I'd also like the algorithm to offer overwrite detection on the readers' side that the readers will detect data being overwritten.

How can I implement a queue (or something else) that does this?

@close voters: I rephrased this question to not be a library request. It previous was written that way, but the underlying algorithm-design question is interesting. — Peter Cordes, Aug 17 '18 at 06:36

score 2 · Answer 1 · answered Sep 27 '18 at 10:40

Sorry for a but late answer, but have a look at DPDK's Ring library. It is free (BSD license), blazingly fast (doubt you will find a faster solution for free) and supports all major architectures. There are lot's of examples as well.

to pass variable-length messages

The solution is to pass a pointer to a message, not a whole message. DPDK also offers memory pools library to allocate/deallocate buffers between multiple threads or processes. The memory pool is also fast, lock-free and supports many architectures.

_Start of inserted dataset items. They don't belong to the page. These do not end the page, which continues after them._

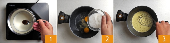 Um die Konditorcreme mit ganzen Eiern zuzubereiten, geben Sie zuerst die Milch in einen kleinen Topf und fügen das Vanilleextrakt hinzu 1. Erwärmen Sie die Milch bei niedriger Hitze, bis sie fast kocht. In der Zwischenzeit schlagen Sie in einem anderen Topf die Eier auf, geben den Zucker hinzu 2 und verrühren alles mit einem Schneebesen, bis die Mischung hell wird 3.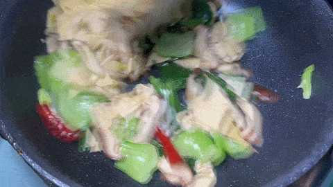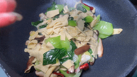 15. 翻炒均匀,倒入千张继续炒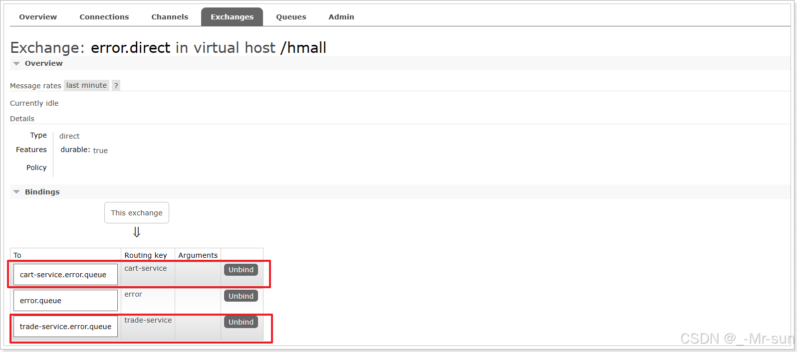 微服务名 + error.queue,也就是说要动态获取 - 将队列与交换机绑定,绑定时的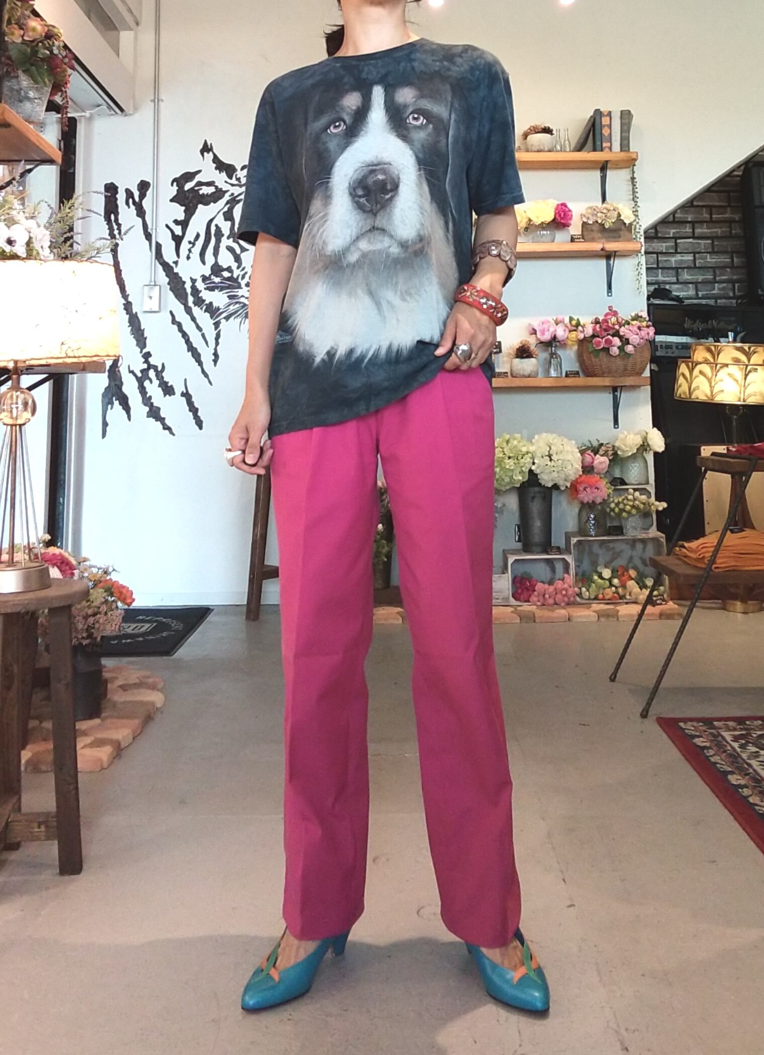 インパクト大のアニマルプリントのユーズドTシャツ。しっかりめのコットン素材です。ボディはタイダイ染めで後染めのようです。程よい使用感があり雰囲気があります。

So overall solution would be:

Create mempool(s) to share buffers among threads/processes. Each mempool supports just a fixed size buffer, so you might want to create few mempools to match your needs.
Create one MPMC ring or a set of SPSC ring pairs between your threads/processes. The SPSC solution might be faster, but it might not fit your design.
Producer allocates a buffer, fills it and passes a pointer to that buffer via the ring.
Consumer receives the pointer, reads the message and deallocates the buffer.

Sounds like a lot of work, but there are lots of optimizations inside DPDK mempools and rings. But will it fit 300ns?

Have a look at the official DPDK performance reports. While there is no official report for ring performance, there is a vhost/vistio test results. Basically, packets travel like this:

Traffic gen. -- Host -- Virtual Machine -- Host -- Traffic gen.

Host runs as one process, virtual machine as another.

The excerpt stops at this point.